Raymond Joseph Deshaies (born September 25, 1961) is an American biochemist and cell biologist.  He is senior vice president of global research at Amgen and a visiting associate at the California Institute of Technology (Caltech).  Prior to that, he was a professor of biology at Caltech and an investigator of the Howard Hughes Medical Institute.  He is also the co-founder of the biotechnology companies Proteolix and Cleave Biosciences.  His research focuses on mechanisms and regulation of protein homeostasis in eukaryotic cells, with a particular focus on how proteins are conjugated with ubiquitin and degraded by the proteasome.

Biography 
Deshaies was born in Waterbury, Connecticut, on September 25, 1961.  He graduated from Cornell University with a B.S. in biochemistry in 1983.  He received his biochemistry doctorate from the University of California, Berkeley, in 1988.  He performed postdoctoral studies at Berkeley (1988–1990) and subsequently at the University of California, San Francisco (1990–1994).  He started as an assistant professor at Caltech in 1994 and was promoted to associate professor in 2000 and professor in 2005.  In 2000, he was appointed as an assistant investigator of the Howard Hughes Medical Institute, and held the title of investigator from 2004–2017.  He co-founded the biotechnology companies Proteolix and Cleave Biosciences in 2003 and 2011, respectively.  He also founded the Proteome Exploration Laboratory at Caltech in 2006.

Scientific contributions 
Protein translocation:  As a graduate student and postdoctoral fellow working with Dr.
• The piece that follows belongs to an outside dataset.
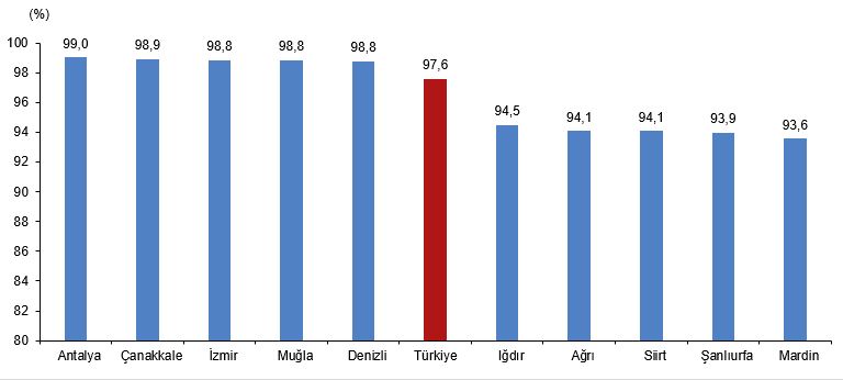 Okuma yazma bilen oranının 2022 yılında en yüksek olduğu il yüzde 99 ile Antalya olurken bu ili sırasıyla Çanakkale, İzmir, Muğla ve Denizli takip etti. Bu oranın en düşük olduğu il ise yüzde 93,6 ile Mardin olurken bu ili sırasıyla Şanlıurfa, Siirt, Ağrı ve Iğdır izledi.

Randy Schekman at the University of California, Berkeley, Deshaies discovered Sec61, which comprises the heart of the translocon that mediates insertion of secretory and membrane proteins into the endoplasmic reticulum of all eukaryotic cells.  He went on to identify a complex of proteins that form the translocon in yeast cells.  In addition, Deshaies discovered a role for 70 kilodalton heat shock proteins (Hsp70s) in enabling the post-translational insertion of proteins into the endoplasmic reticulum and mitochondrial membranes.  This was the first specific, genetically- and biochemically-validated function to be discovered for a member of the Hsp70 family of proteins.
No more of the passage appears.